You know Oliver, I feel your pain – I’m a busy working mum. It might seem like a lot of a hassle having to go through ethical approval, research governance, piloting, and assessing whether your intervention is effective. However, that is the way that research works. If I have a hypothesis then I am expected to test it, and then to publish my findings for scrutiny by others. I need to have evidence of efficacy, feasibility, and acceptability of any interventions I propose, not just anecdotes from parents who have emailed me to tell me that they think that I am right.
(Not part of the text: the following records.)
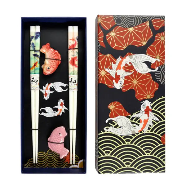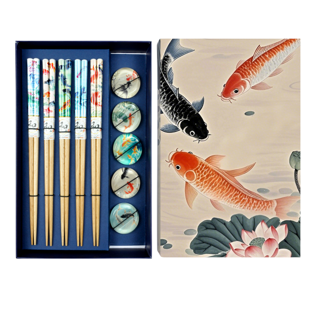Koi Fish 5 Pair Chopsticks and Chopsticks Rests Gift Set
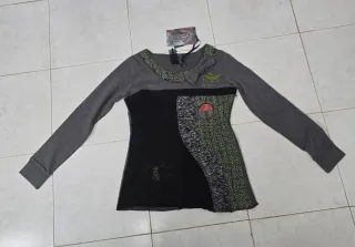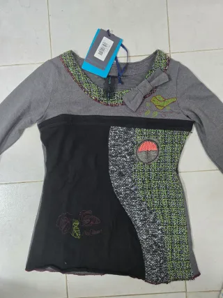 Camiseta de manga larga con un diseño original y moderno. - Cuello redondo con detalle de pedrería. - Lazada decorativa en el cuello. - Estampado frontal con motivos. - Paneles de diferentes texturas y colores.
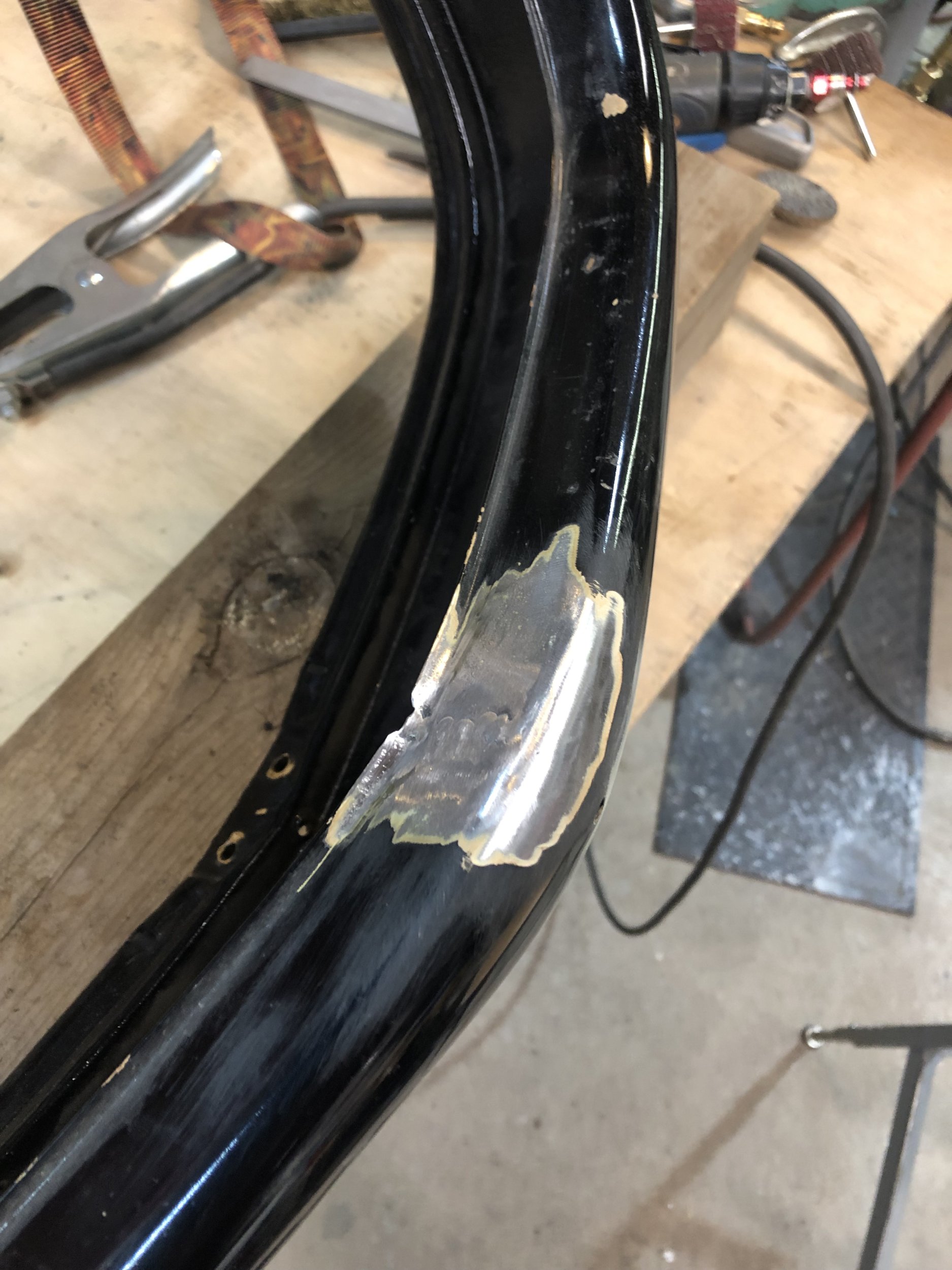 The side of the cowl is turning out nice. At one point it had one of those antennas that had 2 mounting holes on the side of the cowl. Those hole have been welded up but the panel was pretty lumpy.
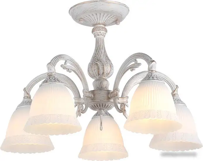 Люстра средней высоты Escada Versailles 1114/5PL обладает классическим дизайном и белыми матовыми плафонами, которые создают мягкое и равномерное освещение. Она крепится к потолку на планке и имеет пять ламп с цоколем E27, каждая мощностью 60 Вт, что обеспечивает хорошую яркость. Каркас выполнен из металла, а плафоны — из стекла, что придает изделию прочность и эстетичный вид. Люстра не оснащена функциями дистанционного управления, регулировки яркости или цвета, поэтому её эксплуатация простая и понятная. Размеры позволяют разместить её в комнатах различной площади, а вес — всего 2.95 кг, что облегчает монтаж. Изделие не имеет встроенной умной функции, однако легко вписывается в классический интерьер. В комплект входит сам светильник, крепеж и инструкция для быстрой установки. Это надежное решение для тех, кто ищет стильное и функциональное освещение без лишних технологий.
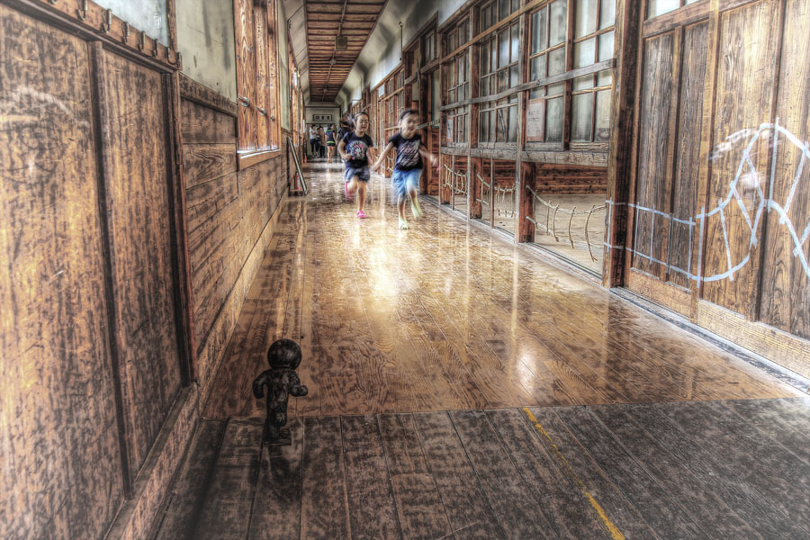 こことは違うけど、自分、小学校は木造校舎でした。こういう廊下の雑巾がけやワックス掛けをしたし、ピシャピシャ鳴る窓のガラスを新聞紙で磨きました。冬は、石油ストーブ用のバケツの氷で遊ぶのが楽しみだったし、後ろの席は隙間風で寒かった。それでも、温もりを感じる木造校舎、お疲れ様です。
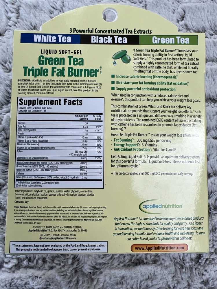 Item Weight:0.9 lbsIngredients:Water, White Tea, Vitamin E, Beeswax, Soy Lecithin, Silicon, Green Tea, CaffeineType:SupplementFormulation:SoftgelUPC:0710363568450Brand:Applied NutritionMain Purpose:Weight LossActive Ingredients:Vitamin C (Ascorbic Acid), Black Tea, Green Tea, Caffeinegtin13:0710363568450MPN:AN056983Number of Pills:30
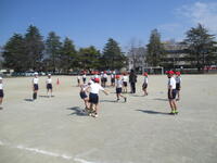 裏校庭では、体育の授業をしています。
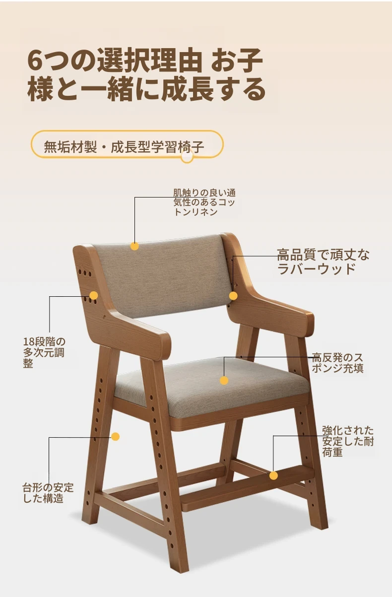 【7-18歳向け】ナチュラルウッドカラー学習椅子 -輸入ラバーウッド

This brings me to the final point. James talks about 'parenting' but when you dig a bit deeper what he is really talking about is mothers. It is mothers who "should respond immediately" and what children really need is "a weekend with their mothers". Do fathers not have some role to play in this? Is parenting solely the domain of women? Does James not have anything to say about men? Actually he does have a lot to say about men. He says that men are “unpleasant, psychopathic, narcissistic, and Machiavellian”. He argues that we live in a society in which women are to blame for wanting to be like men and to beat mean at their own game. A game which clearly doesn’t involve love-bombing their children…

I disagree with what James had to say as a parent, as a scientist and as a woman.
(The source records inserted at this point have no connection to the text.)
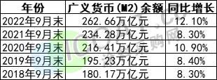 广义货币(M2)余额从2018年9月末的180.17万亿元增至今年9月末的262.66万亿元,增长了82.49万亿元,涨幅达45.78%。近五年来,9月末广义货币(M2)余额同比涨幅一直处于8.3%以上,今年更是创造近五年新高,同比增长达12.1%。
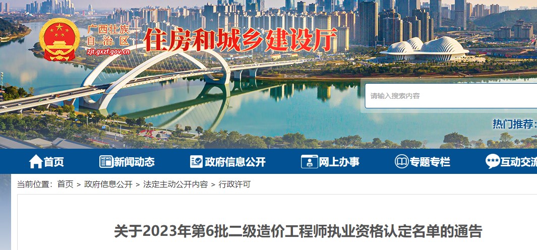 广西住建厅关于第6批二级造价工程师执业资格认定名单的通告
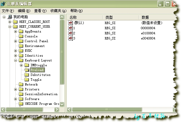 2,用注册表修改输入法文件,打开开始--运行--regedit 找到HKEY_CURRENT_USER\Keyboard Layout\Preload

But, I’m not writing this because I disagree with what he has to say. I can choose not to read any other articles by him. Instead I feel compelled to write this because there are many other parents out there who will read his comments. I’m not overly concerned that they might go out and ‘love-bomb’ their kids; maybe James is right and it “wouldn’t do any harm”. What I am concerned about is that parents are constantly overloaded with conflicting ‘advice’ from so called parenting ‘experts’. James is not alone in providing unsubstantiated ‘expert advice’ on parenting - yes, I’m looking at you Susan Greenfield and also at you Gina Ford. 

Mothers and fathers trying to do their best for their children are constantly bombarded with all sorts of unsupported conjecture dressed up as science through the media. If parents are looking for information then why can they not be given evidence-based research rather than being exposed to the uncorroborated opinions of self-styled parenting gurus? Parenting is hard enough without trying to fight your way through pseudo-science pedalled by these so called ‘experts’.

This kind of parenting expert could really f*ck you off, if not f*ck you up.


All quotes in this post are taken directly from this article.